Me
quedé parado en el quicio de la puerta, invadido por múltiples sensaciones al
encontrarme los objetos que ella me había dejado sobre el lavamanos. Eran
cuatro; cuatro elementos usuales en la vida cotidiana de cualquier persona,
pero que en ese momento y esas circunstancias tenía un importante significado
para mi vida. Al verlos y tras unos segundos paralizado, tuve que sentarme en
el único sitio posible; encima del inodoro, más concretamente sobre la tapa.
Con las manos cubriéndome la cara y a la vez utilizándolas de apoyo para mi
cabeza, que abrumada por un torbellino de sentimientos encontrados era incapaz
de aguantarse sola. Deje vagar mis pensamientos con todo lo que me había
sucedido en el último año: mi divorcio, adaptarme a mi nueva vida, los días,
las tardes y las noches de soledad, el conocer nuevas amistades, noches
efímeras en viviendas desconocidas u hoteles sacados de una app. Ahora todo
cambiaba radicalmente, se me abría una nueva puerta que me ofrecía refugio,
confianza, estabilidad, compañía y noches de complicidad.
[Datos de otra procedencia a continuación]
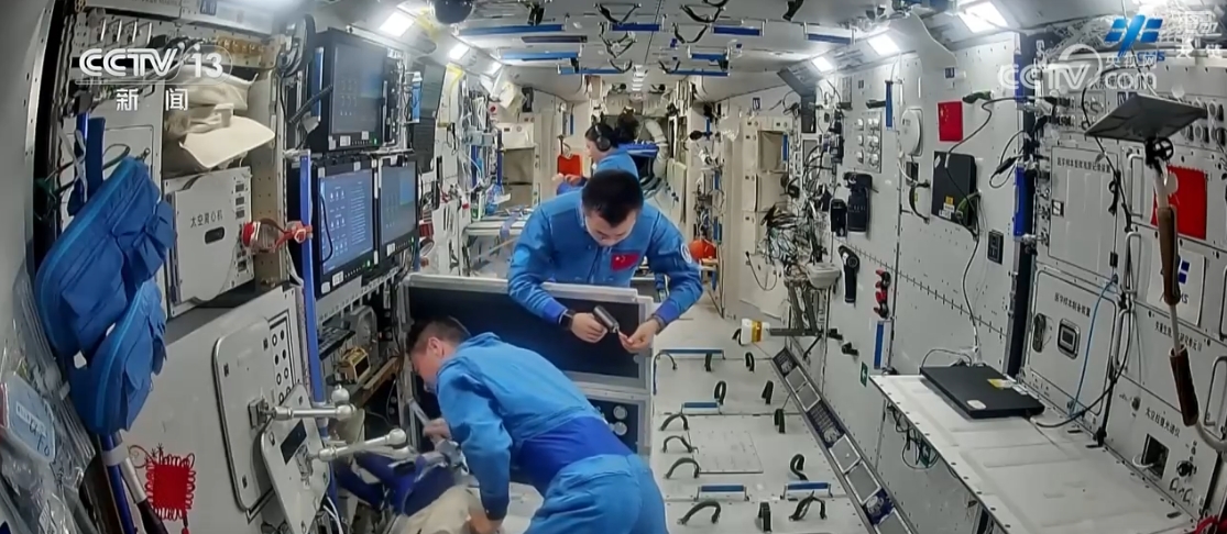 在空間站內(nei) 設備檢查維護方麵,上周,乘組完成了太空跑台檢查維護、再生生保係統維護等工作。在空間站內(nei) 環境監測方麵,分別開展了個(ge) 人噪聲暴露劑量測量、風速及溫度測量等工作。在站務管理方麵,對各艙段定期進行了清潔及檢查維護。相關(guan) 工作有效保障了航天員在軌安全、空間站正常可靠運行。

No había sido
consciente de nada de lo que me estaba sucediendo siendo que me andaba
aplicando mi dogma de: “vivir lo mejor posible dejando pasar los días a la
espera de acontecimientos”. Por lo que la bofetada de realidad recibida, al
contemplar esas armas de destrucción de vida sin rumbo fijo, me habían dejado
medio catatónico, a la espera de una respuesta que me hiciera reaccionar.
Ahí estaban: una toalla de baño, una
toalla de manos, una esponja sin estrenar y un cepillo de dientes nuevo. Ni los
cuatro mosqueteros en sus grandes aventuras me habían dejado tan impresionado.
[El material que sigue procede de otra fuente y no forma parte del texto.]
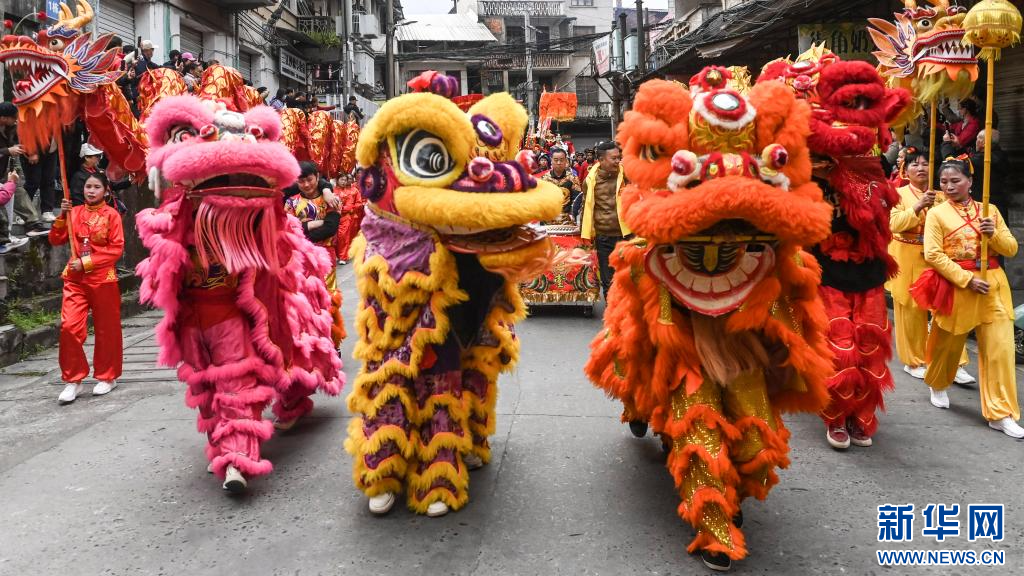 3月31日,龙狮队在广西三江侗族自治县古宜镇沿街巡演。

El aceptar el uso de alguno de ellos conllevaba implícitamente la firma de un
contrato no escrito en mi relación interpersonal con la propietaria de la casa.
Esta era la ocasión donde me podía cuestionar no haber pasado por mi piso para
coger la mochila con mis efectos personales.
Ya era tarde para pensar en otras cosas,
tenía que enfrentarme a la situación y afrontarla con naturalidad. Me levanté,
salí del lavabo y regresé a la cocina. Con un tono inocente, pero que yo creí
entender cargado de intencionalidad, ella me dejó caer: —¿has visto lo que te
he dejado en el baño? — La miré, puse mi mejor sonrisa y haciéndome el
despistado le respondí: —¡Ah! ¿eso que estaba en el lavamanos? Sí, lo he dejado
encima del armario. No sabía que era
para mí—. Me di la vuelta, me hice con una cerveza de la nevera y me fui a
sentarme al salón.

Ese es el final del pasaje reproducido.